Viral internalization greatly depends on glycosylation sites present on the viral protein. N-glycosylation sites on the 2019-nCoV main proteinase were therefore predicted using the NetNGlyc 1.0 prediction tool (Fig. 3) [13]. The graph illustrates predicted N-glycosylation sites across the protein chain where the x-axis represents protein length from the amino terminal to the carboxyl terminal. The position with a potential (the green vertical lines) crossing the threshold (red horizontal line) is predicted glycosylated.

Fig. 3
figure 3

Graphical output of the predicted N-glycosylation sites in the viral main proteinase amino acid sequence.
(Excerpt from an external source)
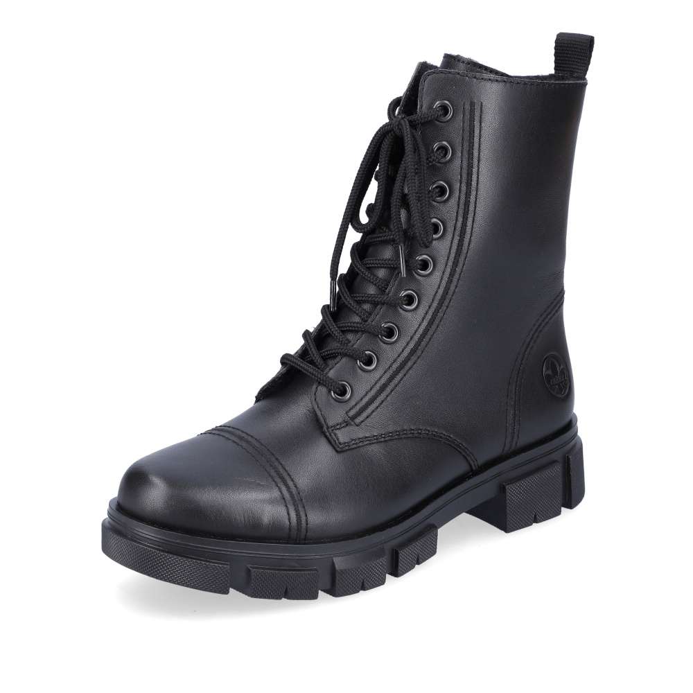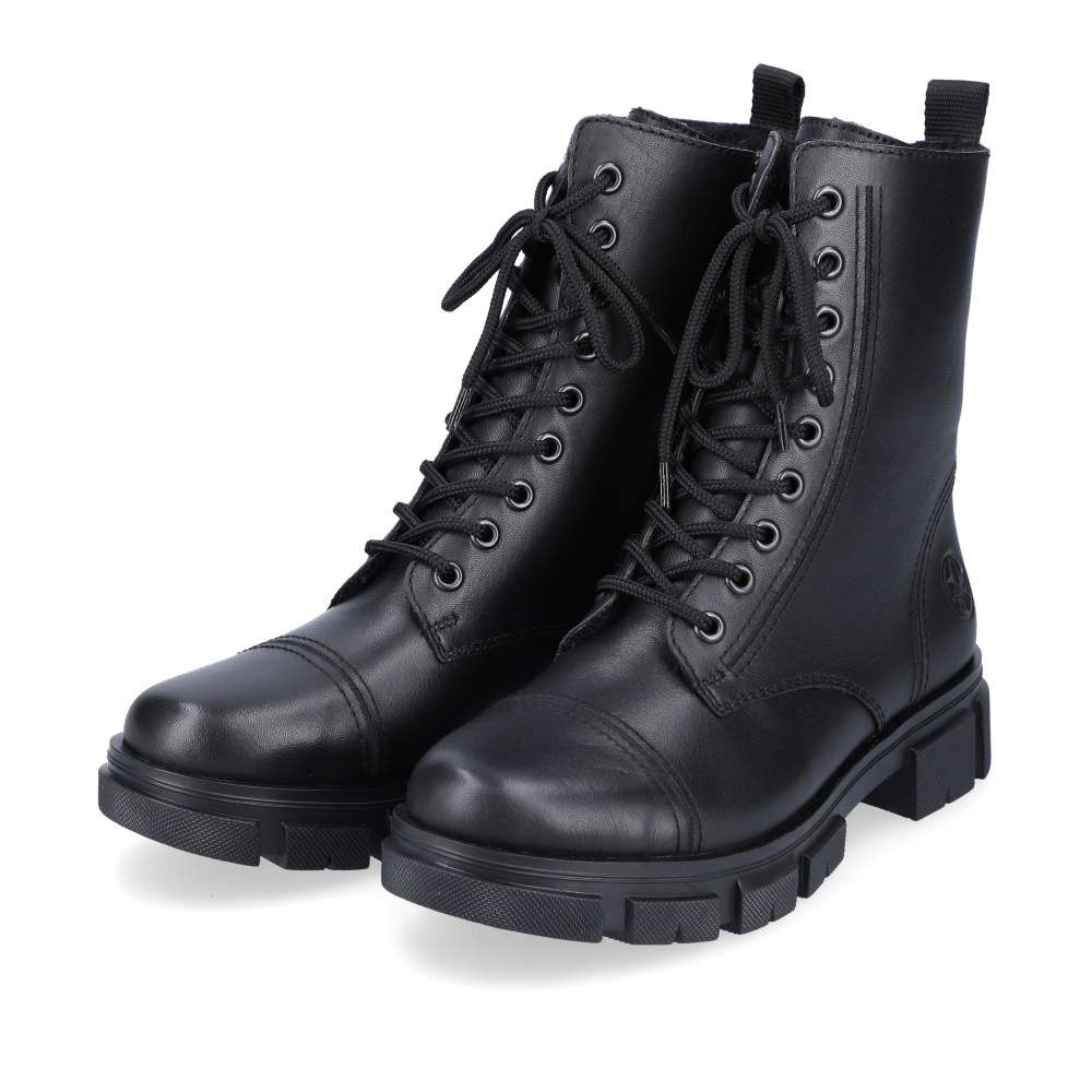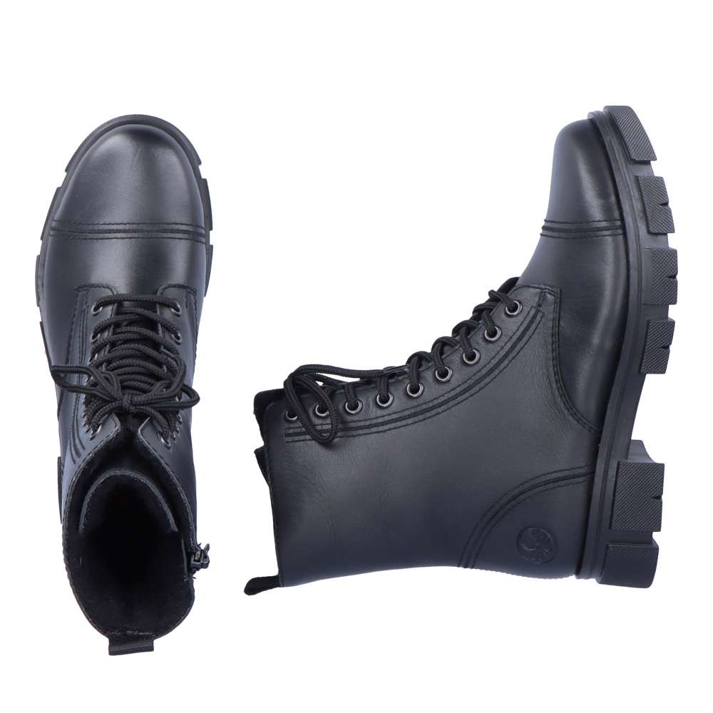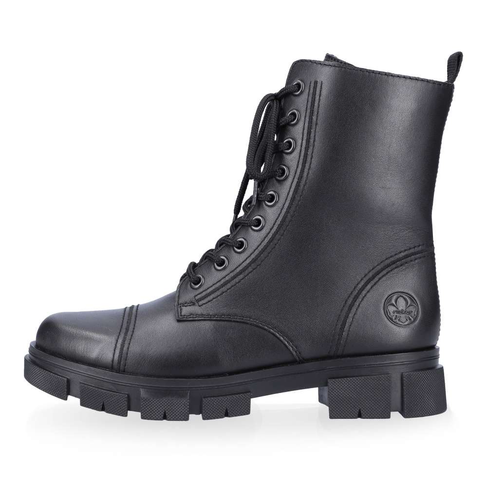 Detailní informace Dámská kotníková obuv na šněrování značky Rieker je skvělý model pro tuto sezónu. Hladký černý svršek je zdobený jemným prošíváním a logem Rieker v zadní části obuvi. Ovčí vlna a měkká stélka Vám zajistí teplo a pohodlí při každém kroku. Traktorová podešev je ideální na každodenní nošení jak do města, tak do náročnějšího terénu.
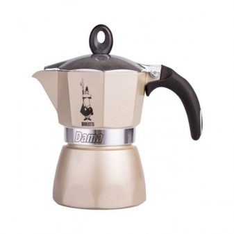 Bialetti dama – друг модел гейзерна кафемашина. Според характеристиките си италианският продукт е много по -добър от предишния китайски аналог, но цената е напълно различна – 1800 рубли. За случая е използвана и алуминиева сплав, иначе моделът е много приличен. Има предпазен клапан за пара и силиконова дръжка. Тя има хубав дизайн. Единственият недостатък е крехкостта на материала за корпуса..

The output shows a plot of the N-glycosylation potential against sequence position

Sequences and structural motifs in polypeptide chains that classified and determined by comparative analysis make up the protein’s conserved domain. These domains are used in molecular evolution as building blocks which may undergo different forms of arrangements and recombination to produce proteins with varying functions. The importance of the conserved domains as evolutionary elements has led us into determining the level of conservation of the 2019-nCoV main proteinase epitope region. This was achieved using the conserved domain database (CDD) [14]. The conserved region of the protein covers the 29th amino acid of the sequence to the last, with the inclusion of the predicted epitope sequence (Fig. 4).

Fig. 4
figure 4

Conserved domain alignment output. The coronavirus endopeptidase C30 which corresponds to the Merops family C30. These peptidases are involved in viral polyprotein processing in replication and are conserved in the protein family

The physiochemical properties of the final peptide as predicted by the Expasy ProtParam server [15] predicted a molecular weight of 1778.08 Da with a theoretical pI of 10 indicating an alkaline protein. The half-life assessment was predicted to be 30 h in vitro in mammalian reticulocytes, > 20 h in yeast, and > 10 h in vivo in E. coli. The aliphatic index estimation predicted a score of 52.00, which indicates thermostability. The predicted GRAVY score was − 0.407, indicating a hydrophilic protein which is consistent with the 3D structural view of the protein (Fig. 5).

Fig. 5
figure 5

The first column is a 3D view of the 2019-nCoV main proteinase with highlighted antigenic region (red) while the second column shows the loop dominated secondary structure of the antigenic peptide

The secondary structures of the protein antigenic region as viewed in the Pymol molecular visualizer showed a loop dominated peptide with no helices (Fig. 5). We hereby recommend this peptide for further in vitro and in vivo studies as our in silico study that has predicted this region of the 2019-nCoV main proteinase as a potential B-cell epitope for a potent vaccine design against the virus.